I'm going to experiment more with the "sleep"s to see if reducing the amount of time would be ok, as having 5x3=15 seconds of delay seems like a bit much from a user experience perspective.

@paciorek
Copy link
Contributor Author

Ok, so one very confusing thing is that the LRC script and the Savio script that is currently live at /var/www/ood/apps/sys/brc_desktop/template/script.sh.erb look to be the same (i.e., the whole block of commands is backgrounded).

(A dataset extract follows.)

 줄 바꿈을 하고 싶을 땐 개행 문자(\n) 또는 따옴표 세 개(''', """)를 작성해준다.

However, somehow the Savio script that is live at /var/www/... is not what we have in this GitHub repository. In particular it does not reflect the changes in commit 1b23744 from PR #48 (in which the whole block of commands is not backgrounded). I'm not sure how that could be the case.

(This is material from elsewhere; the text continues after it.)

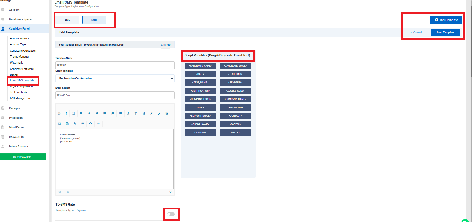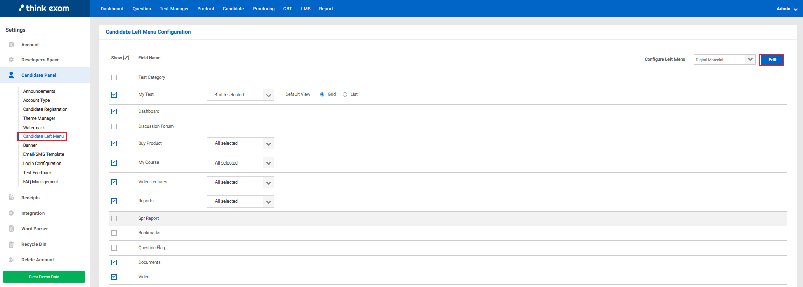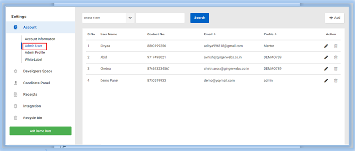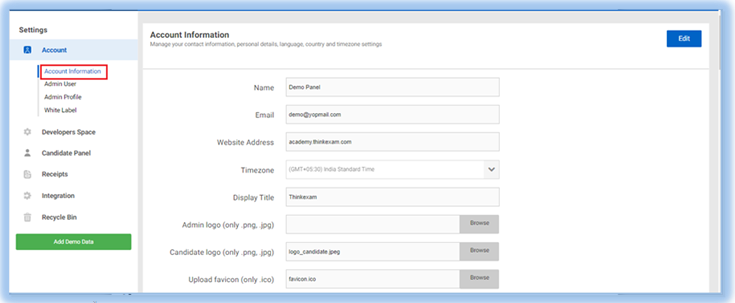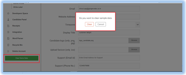Clear Demo Data- Through this, admin can delete the sample data of the portal. Like the total candidates. questions, tests, etc.

So that makes this all the more confusing. I'm going to have to check with @wfeinstein to understand why /var/www/ood/apps/sys/brc_desktop/template/script.sh.erb is not the same as the script.sh.erb in commit d56f8cd.

Remove a `sleep` that is probably not needed.
@paciorek
Copy link
Contributor Author

Now that I've tested my robustification efforts, I realized that xfsettingsd needs to be started as a daemon or xfce will not start. So I think this PR now provides a working Desktop.

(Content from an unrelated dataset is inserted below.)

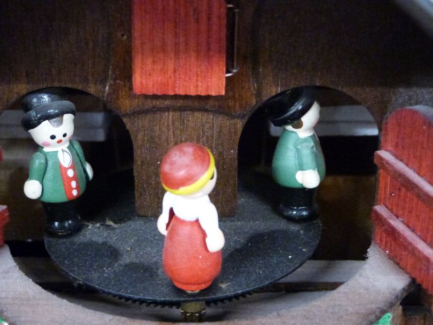 Swiss made 20thC three train cuckoo clock with musical movement on the hour and half hour and waterwheel and dancers automaton feature

However, in testing today, I can't reproduce the failures that user Jeff Lockhart and I were seeing last week. So it's hard to pin down what changes we want.

Here's a summary of my current thinking:

  • I think we do definitely want the --daemon flag for xfsettingsd.
  • I'm not sure about the --replace flag for xfwm4, though it would seem to be a helpful robustification.
  • I do think we want the changes to how things are backgrounded given in commit 1b23744, given my work in PR Modify Desktop app script to fix windowing issues #48. That said, LRC has the "old" way of backgrounding the entire block, and things have been fine there.

@markyashar
Copy link

In case there's anything useful here, here is how Bearborg AI Chatbot (Gemini Pro) responds to all of this after I've fed this thread and all of the background and context into it (-- Note that one thing that it suggests is to add the line "pkill -f xfwm4" to the script....):

"Let's break down this complex issue and create a plan to fix the BRC OOD Desktop problems.

Problem Summary:

  • Intermittent issues with the Xfce desktop on Savio where window borders disappear and windows become unmanageable.
  • This appears to be caused by xfwm4 (the window manager) crashing or not starting correctly.
  • Error message observed: Another Window Manager (Xfwm4) is already running on screen :1.0
  • Inconsistent behavior between the current GitHub repository code, the deployed Savio code, and the working LRC OOD implementation.

Root Causes & Potential Solutions:

  1. xfwm4 Startup Conflicts: The "Another Window Manager" error suggests a conflict, likely due to a pre-existing xfwm4 process or lingering resources from a previous session.

    • Solution 1: --replace flag: Using xfwm4 --replace is a good first step. It instructs xfwm4 to take over from any existing window manager, resolving potential conflicts.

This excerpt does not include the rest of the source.